New lending dries up, but banks see record income from interest rates as their savings fail to trickle down to customers.
Bank lending flat, income up
Big banks all but turned off the tap on new loans in the last months of last year, but their financial statements show income from interest charges grew sharply.
While growing bank profitability is good news for the economy, banks' failure to pass on the benefits of lower interest to their customers is an obstacle to growth for companies.
Lending growth was sluggish between September and December. First Gulf Bank's net loans were almost unchanged from the previous quarter at Dh96.5 billion (US$26.27bn), while National Bank of Abu Dhabi (NBAD) cut lending by 1.5 per cent to Dh136.8bn.
Abu Dhabi Commercial Bank (ADCB) increased total loans by 2.5 per cent to Dh123bn after it added Royal Bank of Scotland's retail banking business to its books in June. Emirates NBD has not yet released its earnings for the year. However, many banks reported larger earnings from their loan books in the last quarter compared with the previous quarter. ADCB's net interest income soared 20.5 per cent to Dh1.03bn, First Gulf Bank's net interest income rose 9 per cent to Dh1.11bn.

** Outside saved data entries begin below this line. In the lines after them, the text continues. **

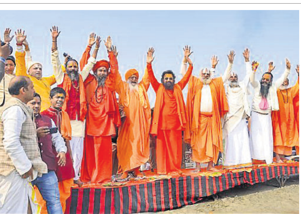
ପ୍ରଧାନମନ୍ତ୍ରୀଙ୍କ ସମ୍ମାନ ପୂର୍ବକ ମଙ୍ଗଳବାର ଆଖ୍ୟା ପରିଷଦ ମହତ୍ତ୍ୱ ରବାସ୍ତ୍ର ପୂର୍ତ୍ତା ଓ ଅନ୍ୟ ସାଧୁମାନେ ଗଜା ପୂଜନ ନୀତି ପାଳନ କରୁଛନ୍ତି।

ଆଇଲାଣ୍ଡରେ ଏକ ସେନା ହେଲିକପ୍ଟର ମଙ୍ଗଳବାର ଦୁର୍ଘଟଣାଗ୍ରସ୍ତ ହୋଇଛି।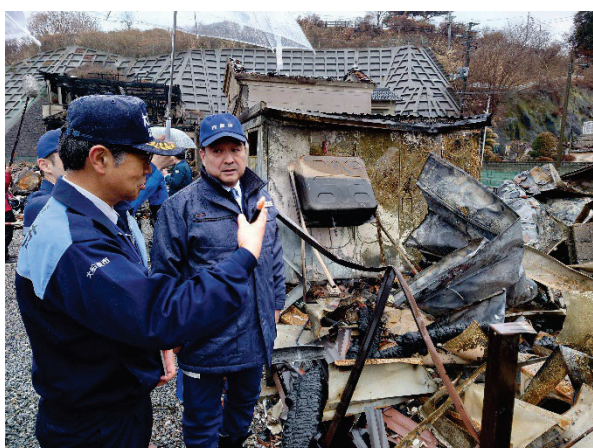
集落被害状況視察 【三陸町綾里港地区】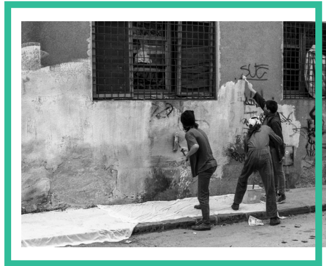
Feines de manteniment al Casal okupat.

plaça roja de Ca n'Anglada, acompanyades pel senador Lluís Maria Xirinacs amb l'objectiu d'abandonar el barraquisme i aconseguir un habitatge digne. La Asociación de Trabajadores por una Vivienda Digna va ser creada uns mesos abans per tal de donar solucions reals al problema de l'habitatge. Aquella va ser la seva primera acció que va acabar amb l'ocupació del bloc de pisos conegut com a polígon de Can Vilardell. Els blocs portaven més de dos anys construïts sobre un terreny rústic i sense complir els requisits mínims de l'època. La ATVD, després d'intentar negociar amb l'Ajuntament, va decidir, finalment, okupar els habitatges de dos blocs de pisos. No van trigar en arribar les unitats d'antiavalots amb ordres clares de desallotjar, mentre centenars de persones es reunien per donar suport a l'acció. A les 23h, la policia va començar a desallotjar, fent ús de pistoles amb pilotes de goma i pots de fum contra els mobilitzats. Tots van ser desallotjats. Tanmateix, la ATVD va tornar a mobilitzar-se, okupant dos

NBAD did not provide a figure for net interest income in the fourth quarter but interest income rose 12.9 per cent to Dh5.01bn for the full year compared with 2009.

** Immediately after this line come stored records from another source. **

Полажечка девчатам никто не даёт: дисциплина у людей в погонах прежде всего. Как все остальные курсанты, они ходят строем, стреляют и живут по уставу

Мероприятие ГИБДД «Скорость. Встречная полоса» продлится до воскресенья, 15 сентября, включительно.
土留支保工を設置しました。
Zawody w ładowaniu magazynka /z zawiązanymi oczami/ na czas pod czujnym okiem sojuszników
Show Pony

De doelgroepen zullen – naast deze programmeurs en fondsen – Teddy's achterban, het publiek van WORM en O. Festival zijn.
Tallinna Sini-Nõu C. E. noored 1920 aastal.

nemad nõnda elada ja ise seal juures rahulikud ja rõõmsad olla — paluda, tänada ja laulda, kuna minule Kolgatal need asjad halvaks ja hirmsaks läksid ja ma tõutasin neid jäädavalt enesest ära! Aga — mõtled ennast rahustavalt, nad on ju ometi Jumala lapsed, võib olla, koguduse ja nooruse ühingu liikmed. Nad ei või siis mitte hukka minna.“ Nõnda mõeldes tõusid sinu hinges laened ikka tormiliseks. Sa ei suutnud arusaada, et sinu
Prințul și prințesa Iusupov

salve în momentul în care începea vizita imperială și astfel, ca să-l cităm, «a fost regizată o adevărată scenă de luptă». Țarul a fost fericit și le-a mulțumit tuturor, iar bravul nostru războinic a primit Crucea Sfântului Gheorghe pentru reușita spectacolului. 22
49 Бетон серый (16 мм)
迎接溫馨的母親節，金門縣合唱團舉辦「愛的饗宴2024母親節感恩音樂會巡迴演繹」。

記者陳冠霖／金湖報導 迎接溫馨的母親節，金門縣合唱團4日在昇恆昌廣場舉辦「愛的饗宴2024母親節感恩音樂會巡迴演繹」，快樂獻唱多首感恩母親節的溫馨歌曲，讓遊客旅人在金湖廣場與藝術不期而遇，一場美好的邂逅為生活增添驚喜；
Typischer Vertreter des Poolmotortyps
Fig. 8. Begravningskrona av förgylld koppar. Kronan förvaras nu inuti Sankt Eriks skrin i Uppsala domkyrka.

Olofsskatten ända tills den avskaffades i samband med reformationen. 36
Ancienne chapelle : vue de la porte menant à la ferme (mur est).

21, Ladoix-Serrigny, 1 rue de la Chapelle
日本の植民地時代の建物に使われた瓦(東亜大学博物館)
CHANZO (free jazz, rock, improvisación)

Easy credit was one factor that helped fuel the financial crisis, but now economists say the pendulum has swung too far in the other direction, with an absence of lending making it difficult for companies to grow. Hemant Karamchandani, the manager of Passion Jewellers in Dubai, said the rate of interest he paid on business loans had increased from 7 per cent before the crisis to 12.5 per cent last year.
"We used to borrow more money from the bank, but after the recession the interest rates have got very high, and the paperwork has become more complicated. It used to take two or three days, now it takes a month to get approved."
Before the financial crisis, such had been the easy access to credit that some banks had been able to raise money below Emirates interbank offered rates (Eibor), the benchmark lending rate. But those days are long gone, according to Abdulla al Otaiba, the general manager of corporate banking at NBAD.
"NBAD had issued a lot of loans in the past to entities that used to enjoy rates of 50 [basis points] above Eibor or Libor [London interbank offered rates]. Now it's 2 per cent to 2.5 per cent to those same companies," he said. "Naturally we've had to increase the price of loans. We can no longer afford prices close to Eibor plus 50 [basis points]."
Because of the dirham's peg to the dollar, Eibor rates tend to follow US dollar Libor, the equivalent US measure. However, for much of the past year a large gap existed between the two rates.
Ali al Kayed, the chief executive of CoolMedia, a start-up based in Abu Dhabi, said the high rates of interest on bank loans had turned him towards other sources of funding. "We did try to [access bank funding], but we thought that if we had done it through a bank it would have had a high rate of interest."
Murad Ansari, a financial analyst at EFG-Hermes, said low growth of loans was also driven by "lower appetite from corporates, who have been trying to manage balance sheets, rather than banks not being in a mood to take on more risk".
However, Jaap Meijer, a senior financial analyst at Alembic HC Securities, said interest margins in the UAE were lower than elsewhere in the Gulf, averaging about 2.5 per cent.
ADCB and First Gulf Bank declined to comment.